The day before, a letter from the Justice Department announcing that it intended to intervene on Bush's behalf was made public. In it, the Justice lawyers said they wanted to have Bush offered a promotion to sergeant, retroactive benefits, seniority, monetary relief, and compensatory damages. They also wanted his personnel records expunged of the related charges. "The City of Dallas should institute procedures to monitor the actions of supervisors (sergeants and above) to insure that they do not retaliate against employees of the Dallas Police Department for making allegations of race discrimination against the Department," the Justice lawyers wrote.

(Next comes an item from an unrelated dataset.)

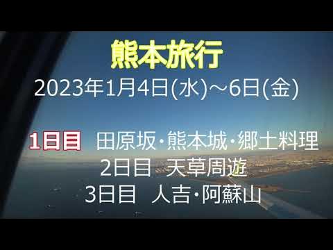 熊本旅行 2023年1月4日(水)~6日(金)3日間でできるだけ回ってみました。 1日目 田原坂・熊本城・郷土料理 2日目 天草周遊 3日目 人吉・阿蘇山 今回は飛行機とレンタカーを使用しました。 2か月以上前の予約で 往復の飛行機代とホテル2泊で一人38190円(旅行保険込) レンタカーは3日間で13900円 その他の経費として 食費、入場料、ガソリン代、駐車場代、通行料金などです。 1日目の編集がようやく終わりました。 【熊本旅行】1日目2023年1月4日(水)西南戦争激戦の地 田原坂熊本ラーメン熊本城YouTuberスーツさんの動画で見た石松茶屋で夕食BGM:Moonrise - Reed MathisDesertsyoutu.be

Dozens of reporters had called the new chief. Bolton, only a few weeks in office and still talking to reporters (he declined to comment for this story, citing pending litigation), agreed to meet with the local journalists all at once. Bolton made it clear that he held Click accountable for the Bush allegations, which he seemed to accept as fact on the basis of Justice's intervention in the case. "The lawyers are working with Justice, so I don't want to get into specifics," he said. "We all know I wasn't chief then. The decisions were in [Click's] command."

About the Justice Department's findings supporting Bush, Bolton said, "It doesn't surprise me. It disappoints me. I can't turn back the hands of time. My focus is getting the department in a position that this doesn't happen."

A week earlier, Bolton had removed Bush's former supervisor, Deputy Chief Raymond Hawkins, from his position over Northeast patrol and placed him over the communications division. Hawkins subsequently quit.

When Bolton was asked at the conference whether Hawkins' transfer was related to the Bush case, he said, "I think you can draw your own conclusions."

Publicly, Bolton stresses these days that he will be fair to blacks and whites alike. At a luncheon speech in November before a largely black audience, the new chief told a story about his birth. He had come out in a hurry, his mother had told him. "She didn't think I was coming so fast, so she looked up at my father and she said, 'I can't come up with a name.'" It was the Anglo doctor, Bolton said, who named him Terrell. "I am the product of people that worked together," he said. "I will be that way always."